Motor Neuron Disease (MND)

Introduction

• MND never causes sensory problems

• ALS – Amyotropic lateral sclerosis 75% of cases of MND–this is the most common form of MND, and produces both UMN and LMN signs.
  • Both UMN and UMN signs can be present in the same muscle! – e.g. a wasted, fasciculating (LMN signs) muscle with hypereflexia (UMN sign)
  • Typically ALS consists of a progress weakness and wasting of the limbs
• PBP – progressive bulbar palsy – 25% of cases of MND – presents as problems with speech and swallowing. Many patients may have bulbar and pseduobulbar signs.
• PMA – Progressive Muscular Atrophy –typically only affects the LMN’s of the upper limbs
• SMA – Spinal muscular Atrophy – characterised by wasting and weakness of muscles.

• In many patients, as the disease progresses features of several of the different subtypes will be present in a single individual.

Epidemiology

• Incidence of 2 per 100 000
• Slight male predominance
• Usually middle aged onset (ALS)
  • PBP tends to present later, and may be slightly more prevalent in women
• 5 year survival – from the time of first diagnosis is <10%.

Aetiology

Ageing – premature ageing of some motor cells can damage and destroy these cells. This puts extra pressure on the surviving cells to perform the original functions, and the increased metabolic processes, may damage the remaining cells.
Viral infection – not much evidence for this
Chemicals – some metals (lead, celenium, mercury and manganses) have been suggested, but nothing has yet been proven
Biochemisty – possible chronic calcium deficiency plays a role – there is an association with hyperparathyroidism.

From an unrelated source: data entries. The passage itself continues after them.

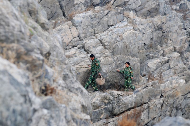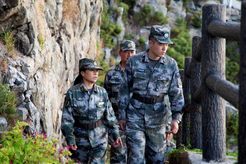 ▲在江苏省连云港市灌云县开山岛,王仕花(左)、民兵哨所所长陈志显(右)和轮值民兵一起巡逻(2020年9月27日摄)。 新华社记者 刘芳 摄
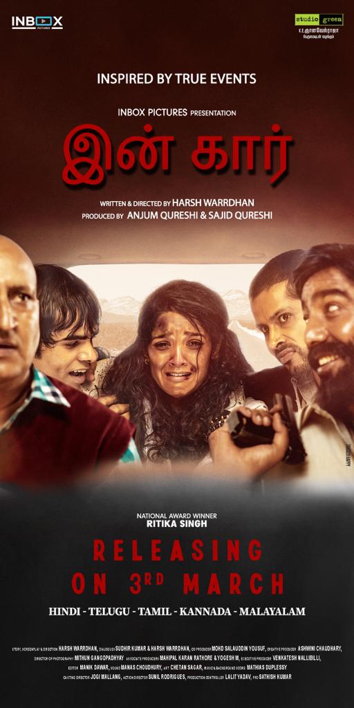 Inbox Pictures சார்பில் அஞ்சும் குரேஷி, சாஜித் குரேஷி தயாரிப்பில், இயக்குநர் ஹர்ஷ் வர்தன் இயக்கத்தில், நடிகை ரித்திகா சிங் முதன்மை கதாப்பாத்திரத்தில் நடித்துள்ள திரைப்படம் “இன் கார்”. கடத்தப்பட்டு வன்புணர்வுக்குள்ளாகும் பெண்ணின் வலியை, அவளது பார்வையில் அந்த கடத்தல் சம்பவத்தின் வழியாகவே சொல்லும் படமாக இப்படம் உருவாக்கப்பட்டுள்ளது.
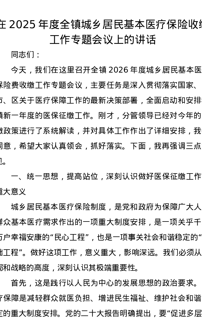 在2025年度全镇城乡居民基本医疗保险收缴工作专题会议上的讲话
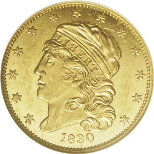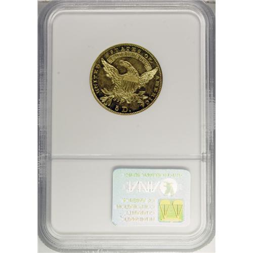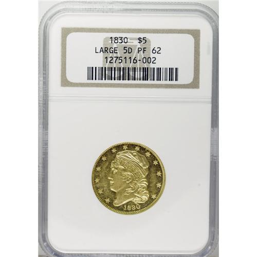 <B>1830 $5 PR62 NGC.</B></I> Large 5D. BD-1, B-1, Bass-3156, Low R.6 for the variety, R.8 as a proof. Walter Breen wrote in his <I>Encyclopedia of Proof Coins:</B></I> "One 1830 Large 5D. seen many years ago, but I have lost track of it. The variety is extremely rare even in business strike form." Breen also commented on proof examples of the other 1830 variety, the Small 5D variety: "The proof in Omaha City Library, ex Byron Reed bequest, is believed to be this variety; one other reported, known to Wayte Raymond." Nearly 30 years later, Jeff Garrett and Ron Guth combined both varieties into a single paragraph commentary in their <I>Encyclopedia of U.S. Gold Coins:</B></I> "Only two examples of the 1830 half eagle are known to exist in Proof. One resides in the Byron Reed Collection at the Durham Western Heritage Museum in Omaha, Nebraska. The other coin, an NGC PR62, currently resides in a private Northeastern collection. Neither the Bass nor the Smithsonian collection contains an 1830 half eagle in Proof. The extreme rarity of early gold Proof coins can be attributed to their high face value and a shortage of American coin collectors at the time of their mintage." This example is the NGC PR62 mentioned by Garrett and Guth, and it is also the plate coin in their reference.<BR> In addition to the pieces discussed by Breen and by Garrett and Guth, a proof example of the Small 5D variety appeared in the Eliasberg Collection, thus it appears that exactly three 1830 half eagles are currently identified as proofs, with only the presently offered piece representing the Large 5D variety, thus it is our belief that this coin is unique in proof for the variety. The following Census is established for the 1830 proof half eagles:<BR><BR><B>Small 5D.</B></I> Byron Reed Collection; Omaha City Library; transferred to Durham Western Heritage Museum.<BR><B>Small 5D.</B></I> George H. Earle (Henry Chapman, June 1912); Clapp Collection; Eliasberg Collection (Bowers and Ruddy, 10/1982), lot 390.<BR><B>Large 5D. The specimen offered here.</B></I> From a private Northeastern Collection.<BR><BR> Although the grade is limited by a few scuffs and hairlines in the fields, both sides of this piece have bright yellow-gold color. The fields are fully mirrored and the devices are lightly frosted, imparting a slight cameo appearance. The junction between the fields and devices is crisp and concise, with no evidence of mint frost in the fields at these locations. There is an appearance of satiny devices within the letters of LIBERTY and E PLURIBUS UNUM. Slight weakness of the central design detail is noted on each side. This reverse die was first used for a limited coinage of 1829 Small Diameter half eagles, then lightly lapped for use in 1830. This example is from the lapped reverse die, but exhibits no other die defects, thus must have been among the first 1830 half eagles coined.<BR><BR><b>Shipping:</b> Coin/Currency (<a target="_blank" href="http://www.heritageauctions.com/common/shipping.php">view shipping information</a>)
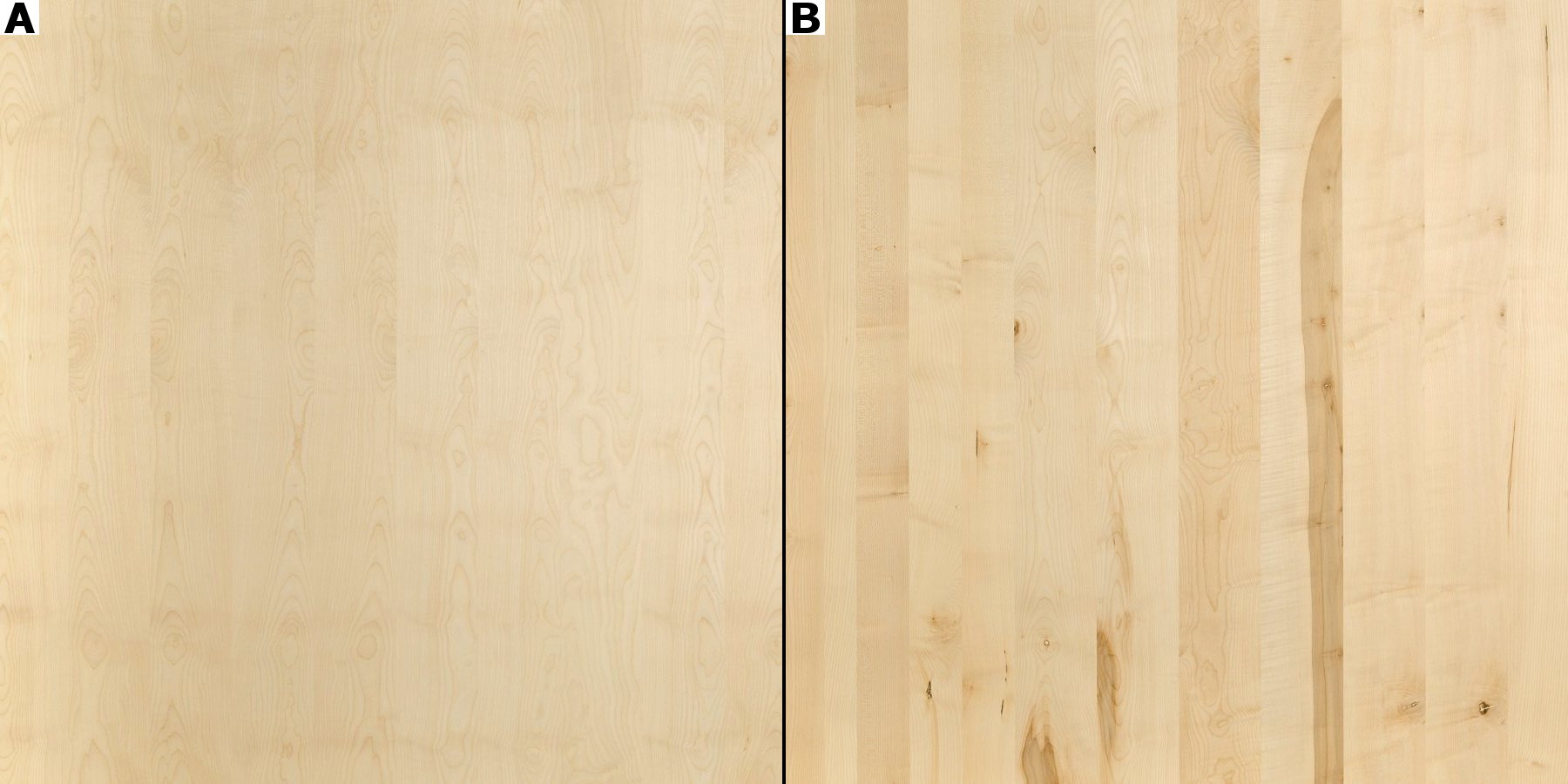 - Full length 5mm thick birch staves of random width (50-140mm wide) bonded to a cross-banded finger jointed core of the same species

• this is also backed up by cases of gastric surgery. In such patients, MND incidence is increased, and there is reduced uptake of calcium.

Genetic – there is definitely a genetic component to some cases – and one specific gene mutation (chromosome 21) has been identified in some individuals. In such instances, there may be many cases within one family.

• It is generally thought that the degeneration of nerves seen in MND is somehow genetically programmed.

Excitotoxicity – glutamate may play a role

Pathology

• Oxidative neuronal damage
• Aggregation of abnormally large amounts of protein inside a cell
• Glutamate problems (possible involving excitotoxicity)
• Apoptosis
• Prolonged caspase activity (contributing to the apoptosis)

Clinical features

Symmetrical weakness and wasting – usually at the extremities – 75% of patients

• Wasting usually begins at the hand and spreads. It may initially be unilateral, but will soon become bilateral.
• Fasciculation – this occurs as surviving axons branch out to new motor units and attempt to innervate them. Note that fasciculation is normally a LMN sign, but in MN, there are mixed upper and lower signs.
• Cramps
• There is usually NO PAIN

Bulbar and Pseudobulbar features –25% of patients –  dysphagia and dysarthria, nasal regurg (palate weakness) and choking. Swallowing solids may be difficult, tongue may be immobile. This is progressive. It mimicks both bulbar (LMN) and pseudobulbar (UMN) palsies. For example there may be:

• Wasted, fasciculating tongue
  • Remember – fasciculations are motor units discharging spontaneously.
• Weak palate
• Eye movements are usually spared

Reflex problems – reflex may be lost, or they may become hyperreflexic:

• Loss – is the result of motor neuron problems in the anterior horn
• Hyperreflexia –due to loss of corticospinal neurons

there is no sensory loss, and sphincters are not affected.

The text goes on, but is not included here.